=== Exercise description ===
Once the line holding "最裡頭是用粗箭竹鋪成的高架床" is found in the listing below, write it out and each later line exactly, up to and including the one holding "因超載導(dǎo)致申報(b".

=== Material for this exercise ===
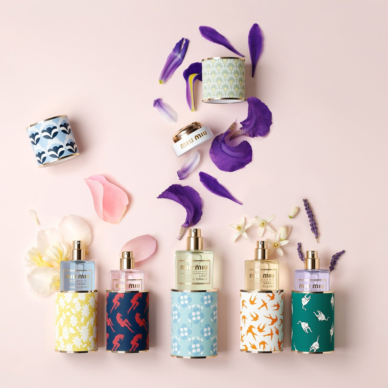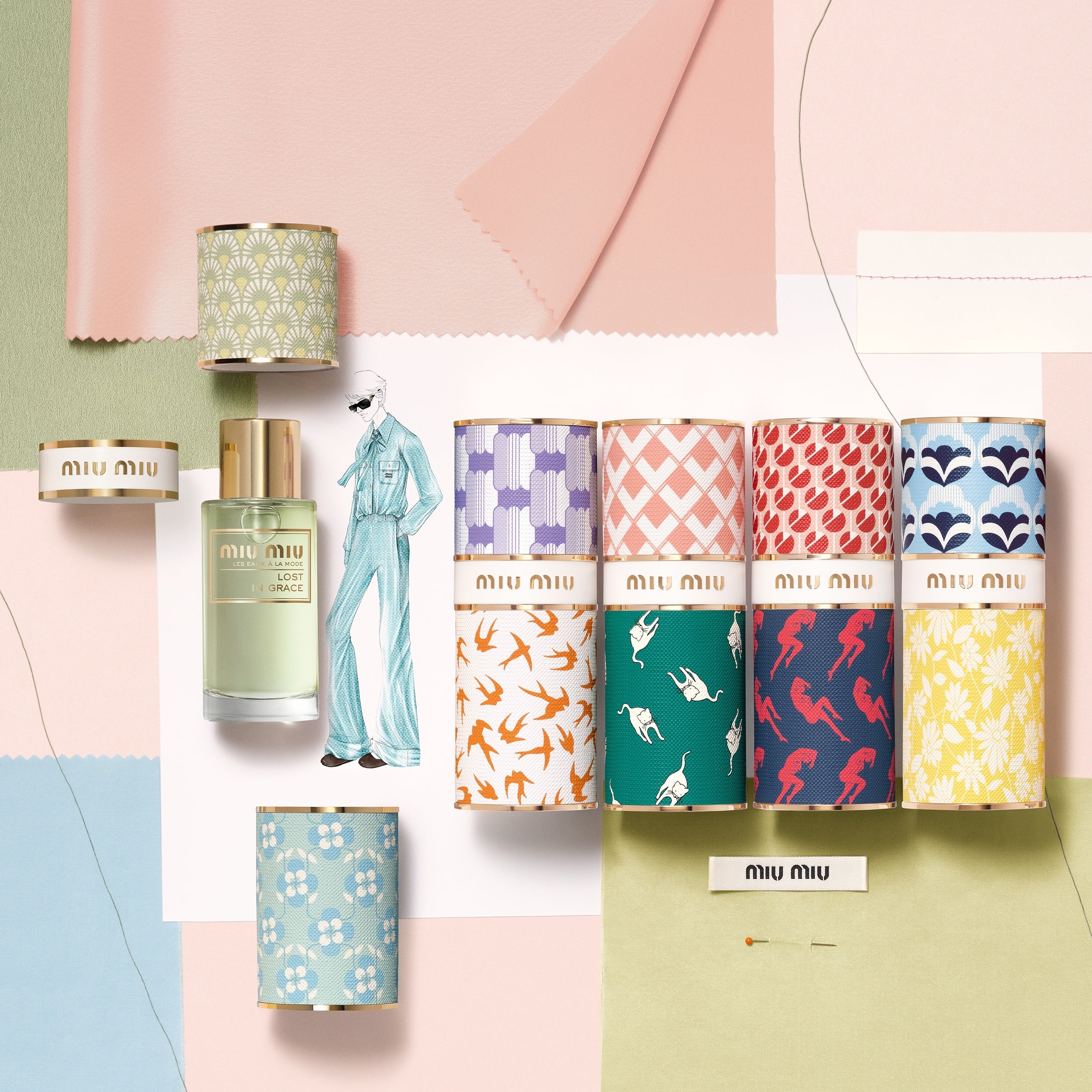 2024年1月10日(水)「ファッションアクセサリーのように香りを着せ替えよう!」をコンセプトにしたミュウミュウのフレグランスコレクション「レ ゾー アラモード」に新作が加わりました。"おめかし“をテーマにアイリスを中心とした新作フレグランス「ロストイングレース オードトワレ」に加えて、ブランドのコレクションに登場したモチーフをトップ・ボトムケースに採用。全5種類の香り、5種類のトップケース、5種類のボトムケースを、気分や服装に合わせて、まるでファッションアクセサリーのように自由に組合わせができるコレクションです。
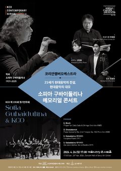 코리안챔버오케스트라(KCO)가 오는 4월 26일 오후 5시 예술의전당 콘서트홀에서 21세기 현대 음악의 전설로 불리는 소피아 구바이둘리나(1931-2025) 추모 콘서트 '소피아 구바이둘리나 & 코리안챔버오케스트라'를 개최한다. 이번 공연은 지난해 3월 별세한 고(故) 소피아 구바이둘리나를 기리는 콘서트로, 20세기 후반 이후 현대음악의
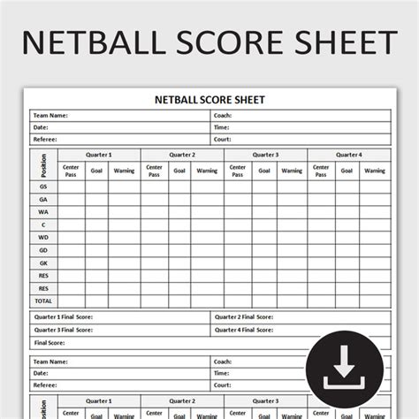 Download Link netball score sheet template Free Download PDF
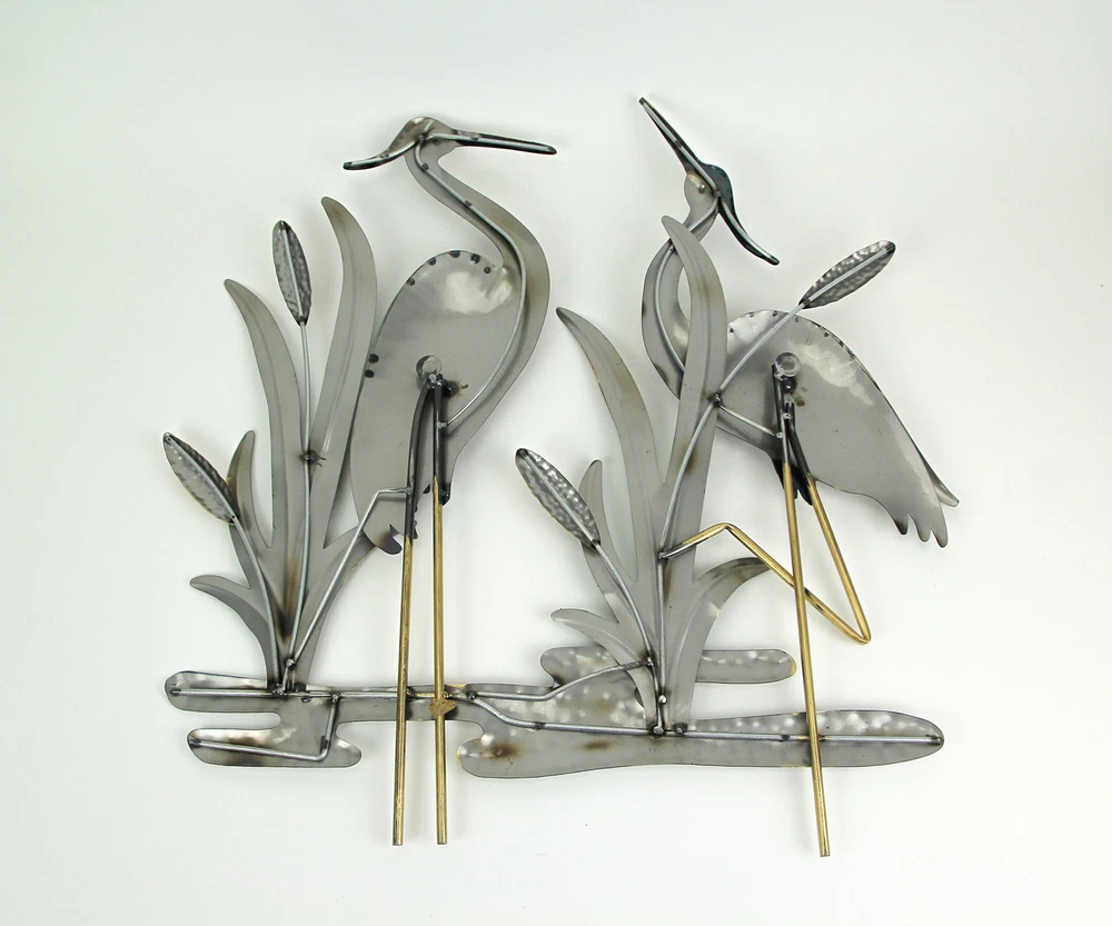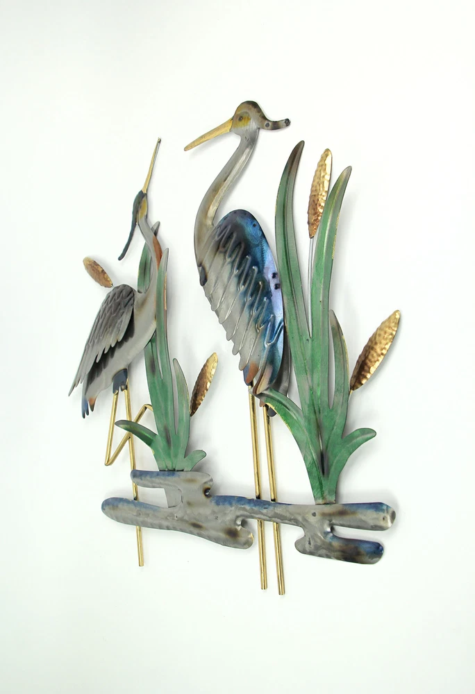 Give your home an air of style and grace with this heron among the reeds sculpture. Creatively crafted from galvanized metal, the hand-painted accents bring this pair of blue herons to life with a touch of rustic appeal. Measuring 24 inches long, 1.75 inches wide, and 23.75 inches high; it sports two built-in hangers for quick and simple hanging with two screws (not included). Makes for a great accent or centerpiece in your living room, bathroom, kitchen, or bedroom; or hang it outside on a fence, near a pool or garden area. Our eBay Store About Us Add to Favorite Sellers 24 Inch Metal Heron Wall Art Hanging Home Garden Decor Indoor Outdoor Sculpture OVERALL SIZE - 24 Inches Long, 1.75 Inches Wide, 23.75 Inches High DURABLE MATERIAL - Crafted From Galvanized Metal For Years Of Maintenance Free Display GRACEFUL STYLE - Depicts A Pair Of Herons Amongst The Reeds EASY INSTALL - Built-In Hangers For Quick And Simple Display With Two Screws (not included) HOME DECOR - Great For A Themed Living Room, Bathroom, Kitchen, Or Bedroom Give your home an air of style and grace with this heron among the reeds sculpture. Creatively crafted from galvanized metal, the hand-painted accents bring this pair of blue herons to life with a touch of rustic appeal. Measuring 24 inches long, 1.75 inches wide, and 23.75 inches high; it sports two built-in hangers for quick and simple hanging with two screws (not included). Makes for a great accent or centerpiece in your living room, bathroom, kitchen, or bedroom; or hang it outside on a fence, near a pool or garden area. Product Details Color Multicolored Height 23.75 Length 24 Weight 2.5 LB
==
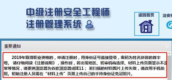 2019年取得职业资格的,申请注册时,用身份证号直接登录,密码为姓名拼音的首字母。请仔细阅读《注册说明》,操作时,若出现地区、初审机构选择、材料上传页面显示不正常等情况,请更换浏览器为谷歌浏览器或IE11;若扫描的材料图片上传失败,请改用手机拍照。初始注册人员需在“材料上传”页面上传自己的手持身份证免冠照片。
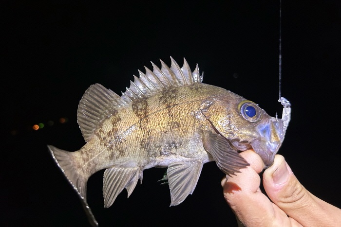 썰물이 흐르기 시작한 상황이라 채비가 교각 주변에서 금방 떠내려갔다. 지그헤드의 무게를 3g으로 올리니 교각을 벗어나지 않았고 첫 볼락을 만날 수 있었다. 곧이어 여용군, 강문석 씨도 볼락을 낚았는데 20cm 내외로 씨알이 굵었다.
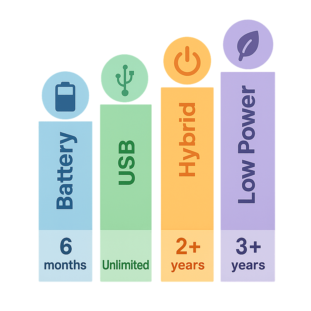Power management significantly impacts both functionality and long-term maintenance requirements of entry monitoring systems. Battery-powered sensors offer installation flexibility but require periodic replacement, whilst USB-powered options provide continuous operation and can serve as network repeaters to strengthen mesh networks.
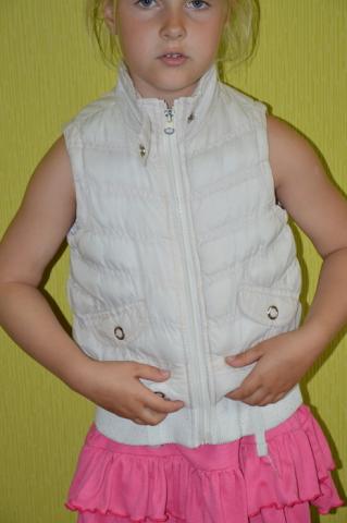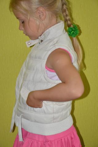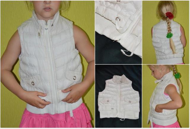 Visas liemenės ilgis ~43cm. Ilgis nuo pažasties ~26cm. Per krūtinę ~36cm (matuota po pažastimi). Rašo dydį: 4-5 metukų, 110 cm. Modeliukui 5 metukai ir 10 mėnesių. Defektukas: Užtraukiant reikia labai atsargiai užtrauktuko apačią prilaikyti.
* * *
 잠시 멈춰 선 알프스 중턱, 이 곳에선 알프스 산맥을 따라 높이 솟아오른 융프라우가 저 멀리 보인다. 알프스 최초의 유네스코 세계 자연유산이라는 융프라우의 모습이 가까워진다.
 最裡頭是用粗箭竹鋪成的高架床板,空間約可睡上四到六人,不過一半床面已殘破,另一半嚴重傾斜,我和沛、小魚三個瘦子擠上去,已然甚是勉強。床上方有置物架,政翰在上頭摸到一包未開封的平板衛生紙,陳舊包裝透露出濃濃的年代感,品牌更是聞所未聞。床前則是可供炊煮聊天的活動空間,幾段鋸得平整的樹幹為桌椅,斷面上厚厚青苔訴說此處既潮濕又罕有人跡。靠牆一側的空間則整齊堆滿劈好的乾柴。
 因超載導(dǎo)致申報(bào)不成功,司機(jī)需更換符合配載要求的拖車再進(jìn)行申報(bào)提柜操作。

=== Written response ===
 最裡頭是用粗箭竹鋪成的高架床板,空間約可睡上四到六人,不過一半床面已殘破,另一半嚴重傾斜,我和沛、小魚三個瘦子擠上去,已然甚是勉強。床上方有置物架,政翰在上頭摸到一包未開封的平板衛生紙,陳舊包裝透露出濃濃的年代感,品牌更是聞所未聞。床前則是可供炊煮聊天的活動空間,幾段鋸得平整的樹幹為桌椅,斷面上厚厚青苔訴說此處既潮濕又罕有人跡。靠牆一側的空間則整齊堆滿劈好的乾柴。
 因超載導(dǎo)致申報(bào)不成功,司機(jī)需更換符合配載要求的拖車再進(jìn)行申報(bào)提柜操作。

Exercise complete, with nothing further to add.